Hacker News new | ask | show | jobs
by twawaaay 1453 days ago
> Are you claiming that it is faster in practice to insert an element at the beginning of an array with 1G items, than it is to insert it at the beginning of a linked list with 1G items?

You missed that insertion point is selected at random and must be found as part of the operation. But in practice if you know data will be inserted preferentially at the wrong end -- you can just easily reverse the data structure to make insertions prefer the better end.

> I am certain the first item will not be true

I am used to it. Everybody gets it wrong until they spend some time thinking about it, get it explained and/or run a real life test.

Hint: think about the cost of iterating over half of the linked list versus performing binary search over the array AND moving half of it.

The cost of binary search goes to negligible pretty fast and cost of moving 8 bytes of memory is always going to be lower than the cost of iterating over one entry (16 bytes) of linked list. And you have statistically equal number of both assuming you are selecting values at random with equal chance for each 64 integer to be next choice.

CPU can be moving a lot of bytes at the same time but it has to dereference the pointer before it can get to perform comparison before it can dereference the next pointer...

Actual algorithmic complexity of both algorithms is exactly the same. But an array is much more efficient (instructions per item).

3 comments

You are right and this is will know, but not only for the reason you state.

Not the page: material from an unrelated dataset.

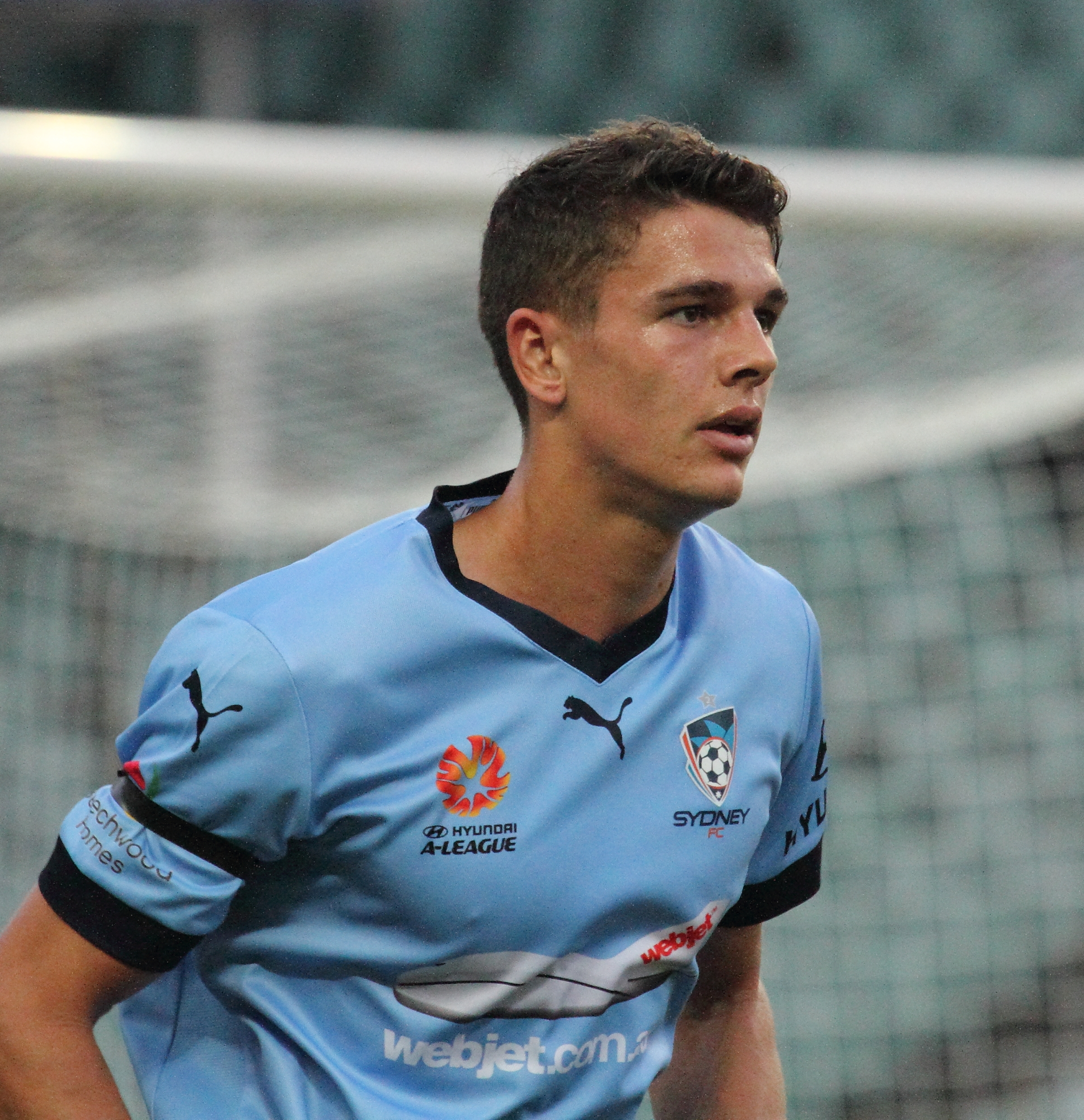 George Blackwood playing for Sydney FC against Perth Glory

Cache locality is so much better on an array/vector compared to linked list and that is really important.
Good point. Cache locality is another important reason that I should have mentioned. I have not run tests, but it may possibly be the most important reason of them all.

In many linked data structures you can mitigate a lot of this problem. For example, in the past I have used contiguous arrays where I would allocate linked elements, then I would try to exploit how the elements are produced to get them placed one after another, if possible.

When data is produced randomly you can try to create "buckets", where each bucket is backed by an array and attempts to keep consecutive elements relatively close to each other. You could then try to rewrite those buckets in a way that gets amortised. Or you can just straight write it as if it was an array of sorted linked list elements where on each delete or insert you have to move some of the elements, but you only need to reorganise one bucket and not others.

All a bit cumbersome and at the end of it you are still wasting at least half of the cache on pointers.

Here is a video by Bjarne himself explaining this: https://youtu.be/YQs6IC-vgmo

Note there is a use case for linked list, inserting/deleting one or few items once in a while. But in general you can just use vector for anything that is not a leetcode problem.

A fun related thing I first learned about years ago due to a Dr Dobbs article: some strided access patterns are FAR worse than random access patterns. This is because certain strides hit the worst case behavior of limited associativity caches, dramatically reducing the effective cache size.
> The cost of binary search goes to negligible pretty fast and cost of moving 8 bytes of memory is always going to be lower than the cost of iterating over one entry (16 bytes) of linked list. And you have statistically equal number of both assuming you are selecting values at random with equal chance for each 64 integer to be next choice.

That makes a lot of sense, thank you for the more detailed explanation.

I think you misunderstood the question.

If you insert an element at the beginning, there's no list iteration cost.

Please, read the question.

It stipulates that elements are selected at random.

You select k integers at random.

Some of them might be inserted faster into linked list, but when you average it over k integers you will still be slower because inserting into array will be faster, on average.

Just think what happens if the integer is inserted at the END of the list (same probability...) You need to slowly iterate over entire linked list. While you quickly land at the result with a binary search on an array and then pay almost no cost inserting it there.

If you think about it, ON AVERAGE, you have to search through half of the list (if you are linked list) or move half of the array (if you are an array).

The parts of simiones's message you quoted are not about the average case. They are about the corner case when an item would be added the beginning, meaning the linked list has the biggest advantage.
You don't get to change the rules of the game while the game is being played.

The original problem, as stated by me, was:

"You are generating k random 64 bit integers. Each time you generate the integer, you have to insert it in a sorted collection.

(...)

The question: in your estimation, both algorithms being implemented optimally, what magnitude k needs to be for the linked list to start being more efficient than array list."

The cost is not evaluated for any individual insertion, only for the total cost of inserting k integers.

For some of the integers the cost of inserting to linked list will be higher, and for some the cost of inserting to array will be higher. It does not matter. We do not care. We just care about what is the cost of inserting k integers thus randomly generated a) into sorted linked list and b) into sorted array list.